:: DATASET EXCERPT ::
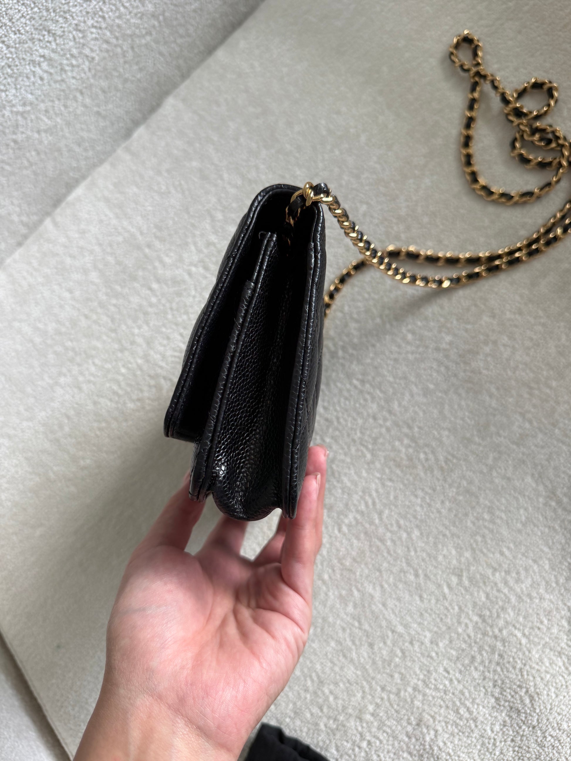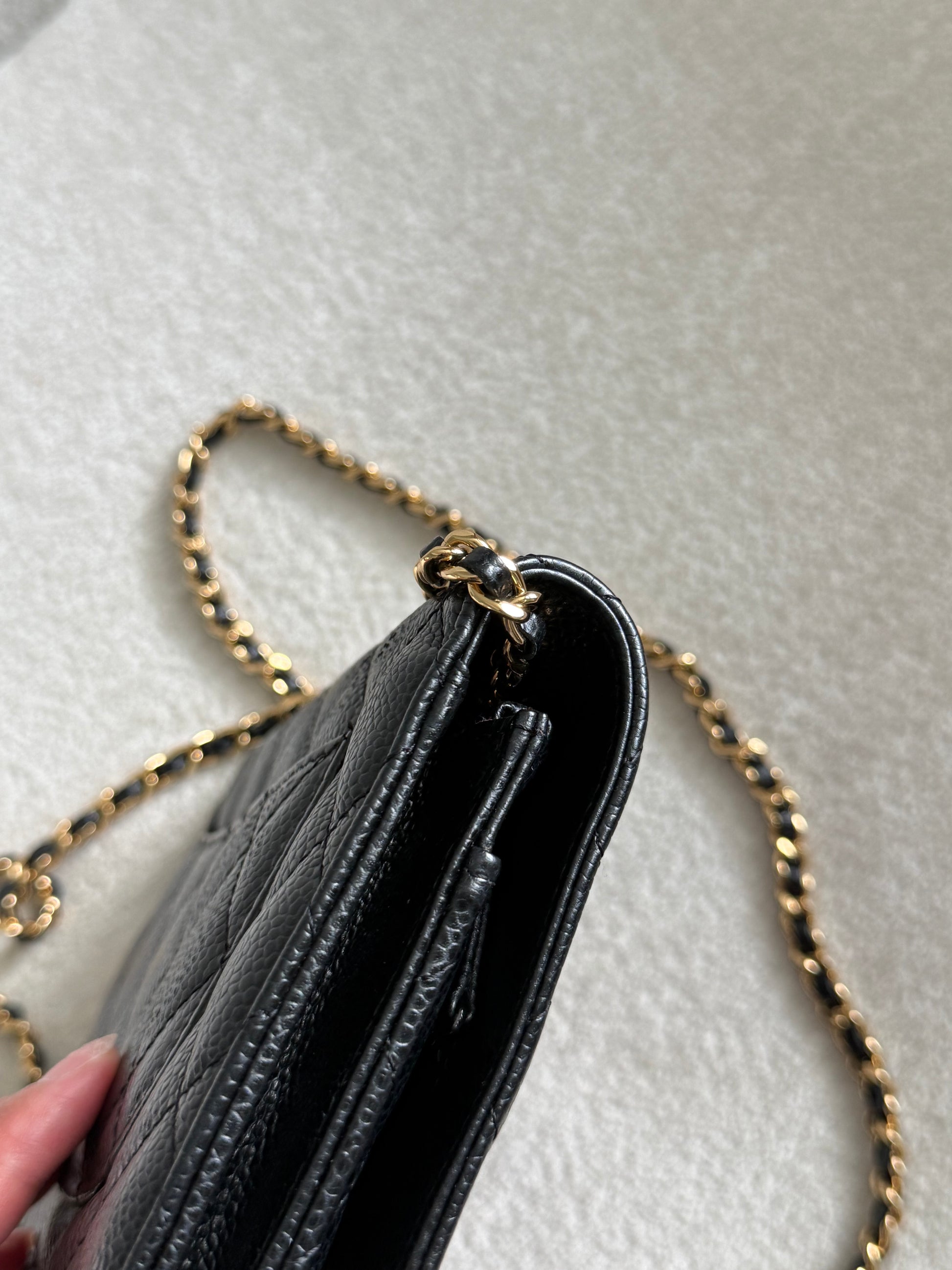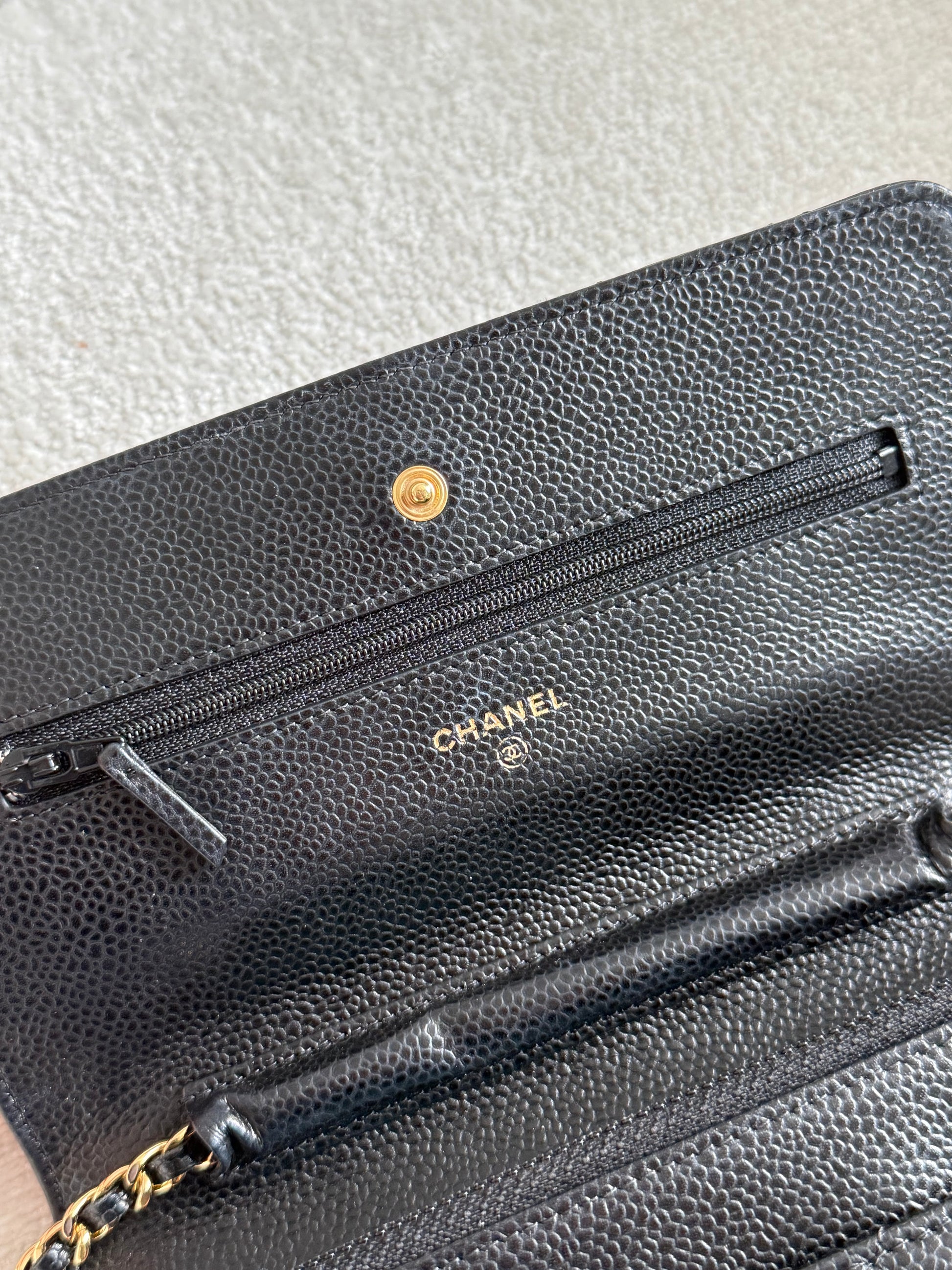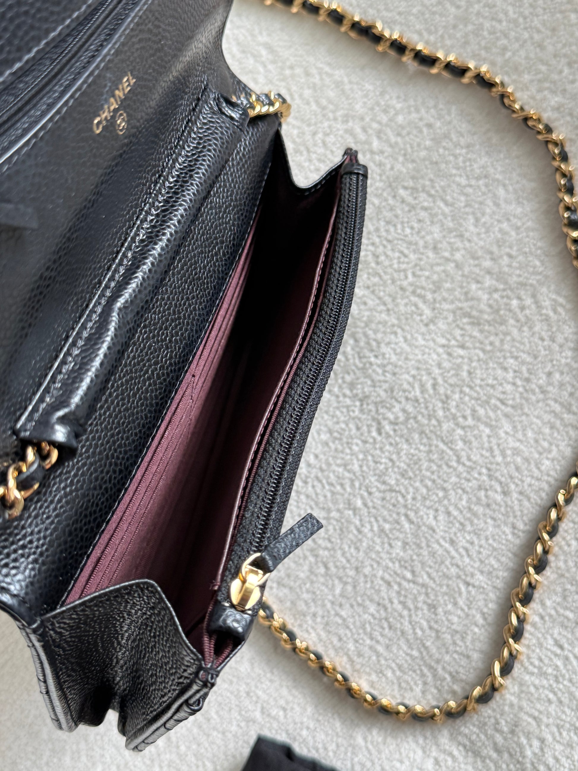 A timeless classic from Chanel, this Wallet on Chain (WOC) is crafted in luxurious black caviar leather and finished with elegant gold-tone hardware. The perfect blend of practicality and sophistication, this piece transitions effortlessly from day to night.
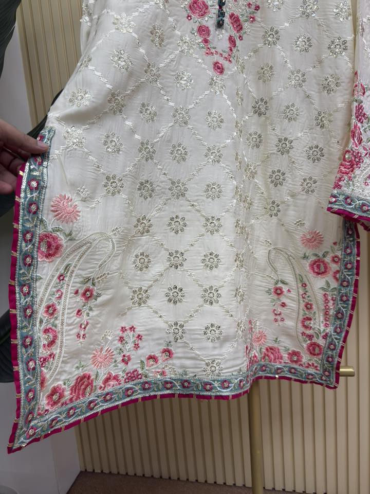 Material: Premium rayon with heavy embroidery and sequins work on all over body front. Inner attached. Rayon Cotton pant with embroidery & sequins work.
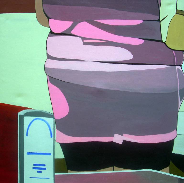 Obraz emanuje pewnym ciepłem, choć na pierwszy rzut oka jest dość enigmatyczny. Dominuje w nim róż, przetykany delikatnymi odcieniami fioletu i zieleni, które tworzą harmonijną, choć nieco niecodzienną kompozycję. Kształty są abstrakcyjne i geometryczne, przypominając układankę, gdzie każdy element ma swoje miejsce. Choć malowane płynnie, kontury są wyraziste i mocno zaznaczone. Atmosfera obrazu jest zarówno spokojna, jak i intrygująca, pozostawiając wiele do interpretacji. To niczym oglądanie snu na jawie, gdzie kolory i formy unoszą się swobodnie. Artysta zastosował technikę płaskiej plamy barwnej, trochę jak w pop-arcie, co nadaje dziełu współczesny sznyt. Mimo prostoty formy, wyzwalają one emocje - może zaskoczenia, może zastanowienia. Co tak naprawdę tu widzimy? "To przypomina mi wielką różową chmurę!" - mogłoby powiedzieć dziecko, a ja poczułbym ten dziecięcy zachwyt i beztroskę. Myślę, że ten obraz mówi o codzienności w niecodzienny sposób, o prostocie w chaosie. A maybe po prostu chodziło o zabawę kolorem? Interpretacje mogą być nieskończone. Interesujące, jak sztuka potrafi wzbudzać osobiste refleksje, prawda?
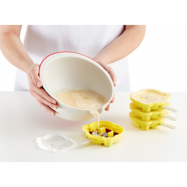 Incluye molde de silicona efecto 3D y 50 palitos desechables. 4 helados Apto para horno y lavavajillas. Hecho en Italia.

:: EXERCISE DESCRIPTION ::
Exact repetition of the material above is required, with the images removed.

:: EXERCISE SOLUTION ::
 A timeless classic from Chanel, this Wallet on Chain (WOC) is crafted in luxurious black caviar leather and finished with elegant gold-tone hardware. The perfect blend of practicality and sophistication, this piece transitions effortlessly from day to night.
 Material: Premium rayon with heavy embroidery and sequins work on all over body front. Inner attached. Rayon Cotton pant with embroidery & sequins work.
 Obraz emanuje pewnym ciepłem, choć na pierwszy rzut oka jest dość enigmatyczny. Dominuje w nim róż, przetykany delikatnymi odcieniami fioletu i zieleni, które tworzą harmonijną, choć nieco niecodzienną kompozycję. Kształty są abstrakcyjne i geometryczne, przypominając układankę, gdzie każdy element ma swoje miejsce. Choć malowane płynnie, kontury są wyraziste i mocno zaznaczone. Atmosfera obrazu jest zarówno spokojna, jak i intrygująca, pozostawiając wiele do interpretacji. To niczym oglądanie snu na jawie, gdzie kolory i formy unoszą się swobodnie. Artysta zastosował technikę płaskiej plamy barwnej, trochę jak w pop-arcie, co nadaje dziełu współczesny sznyt. Mimo prostoty formy, wyzwalają one emocje - może zaskoczenia, może zastanowienia. Co tak naprawdę tu widzimy? "To przypomina mi wielką różową chmurę!" - mogłoby powiedzieć dziecko, a ja poczułbym ten dziecięcy zachwyt i beztroskę. Myślę, że ten obraz mówi o codzienności w niecodzienny sposób, o prostocie w chaosie. A maybe po prostu chodziło o zabawę kolorem? Interpretacje mogą być nieskończone. Interesujące, jak sztuka potrafi wzbudzać osobiste refleksje, prawda?
 Incluye molde de silicona efecto 3D y 50 palitos desechables. 4 helados Apto para horno y lavavajillas. Hecho en Italia.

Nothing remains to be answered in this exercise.